To achieve a desired nozzle pressure (DNP), a few factors must be considered. First, you must note the head loss (HL) or head gain (HG). Water head is the height of the water column (lift) due to imposing pressure. The head pressure is positive (gain) if the hose lay is downhill because the force of gravity is helping push the water down, consequently increasing the pressure. The head pressure is negative (loss) if the hose lay is uphill, since the force of gravity is pulling the water down, when it needs to be pumped up. Table 3.1 indicates that 1 foot of water head or lift produces 0.5 pounds per square inch of pressure. On that same note, 1 pound per square inch can produce 2 feet of water head). For every foot uphill or downhill, there is a change of 0.5 pounds per square inch of pressure. Note that this measurement represents the height of the hose (elevation) and not the length of the hose.
Water Pressure vs Height. The drawings correspond to the pressure on a square inch cross section caused by the height of water above it. Note that as the column's height doubles, so does the pressure. Both exact and rounded field application values are given.
The second consideration for pump pressure calculations involves friction loss (FL). As a field rule, the pressure in a line is reduced by 5 pounds per square inch for each appliance added to the line. For example, a hose lay with five wye valves will result in a 25 pounds per square inch pressure loss due to the friction introduced by these fittings. This approximation is used to simplify calculations and is not precisely what occurs in the field. See Table 3.3 for friction loss in forestry hose.
CALCULATING DESIRED NOZZLE AND PUMP PRESSURES
Engine and nozzle pressures are calculated as follows:
DNP = Desired Nozzle Pressure
EP = Engine Pressure
HG = Head Gain
HL = Head Loss
FL = Friction Loss
Desired Nozzle Pressure equals:
Engine (Pump) Pressure ± (Head Gain or Head Loss) - Friction Loss
DNP = EP ± (HG or HL) - FL
When calculating desired nozzle pressure in a downhill hose lay, add the head pressure. In uphill hose lays, subtract the head pressure. The calculations vary to account for the work of gravity.

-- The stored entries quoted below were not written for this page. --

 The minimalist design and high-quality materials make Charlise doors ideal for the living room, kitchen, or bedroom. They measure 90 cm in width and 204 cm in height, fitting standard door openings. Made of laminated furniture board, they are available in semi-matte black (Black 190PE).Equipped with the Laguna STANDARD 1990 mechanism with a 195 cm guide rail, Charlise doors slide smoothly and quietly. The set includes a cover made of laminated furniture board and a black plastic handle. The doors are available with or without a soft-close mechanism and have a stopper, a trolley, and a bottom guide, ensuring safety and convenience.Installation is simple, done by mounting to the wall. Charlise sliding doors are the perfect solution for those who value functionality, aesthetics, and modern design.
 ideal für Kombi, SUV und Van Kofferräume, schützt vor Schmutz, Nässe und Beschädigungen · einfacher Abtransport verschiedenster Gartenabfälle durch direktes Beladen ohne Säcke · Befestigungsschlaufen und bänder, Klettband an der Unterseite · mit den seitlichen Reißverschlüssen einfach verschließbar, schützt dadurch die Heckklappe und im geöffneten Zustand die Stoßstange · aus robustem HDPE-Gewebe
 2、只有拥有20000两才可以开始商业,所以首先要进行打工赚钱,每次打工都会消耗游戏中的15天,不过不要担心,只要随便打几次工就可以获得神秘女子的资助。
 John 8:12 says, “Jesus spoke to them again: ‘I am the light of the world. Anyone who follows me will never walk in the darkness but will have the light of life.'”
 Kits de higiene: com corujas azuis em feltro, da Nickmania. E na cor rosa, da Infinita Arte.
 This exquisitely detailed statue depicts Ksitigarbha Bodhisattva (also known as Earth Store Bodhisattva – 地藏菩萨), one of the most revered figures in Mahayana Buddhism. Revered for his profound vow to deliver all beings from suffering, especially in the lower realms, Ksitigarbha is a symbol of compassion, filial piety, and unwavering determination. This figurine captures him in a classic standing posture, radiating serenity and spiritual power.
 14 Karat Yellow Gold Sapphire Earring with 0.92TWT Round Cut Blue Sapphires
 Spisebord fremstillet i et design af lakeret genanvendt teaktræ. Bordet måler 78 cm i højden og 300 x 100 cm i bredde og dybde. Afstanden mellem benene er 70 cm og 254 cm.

The head pressure is expressed in terms of loss or gain. Because the pump and the nozzle are at opposite ends of the hose, head pressure that is positive at the pump will be negative at the nozzle and vice versa. It is crucial that the sign of the head pressure be correct. If the hose lay is uphill, the head pressure is negative, and if it is downhill, the head pressure is positive. Careful attention must be paid to the sign of the head gain or head loss term, and whether the gain or loss should be added or subtracted.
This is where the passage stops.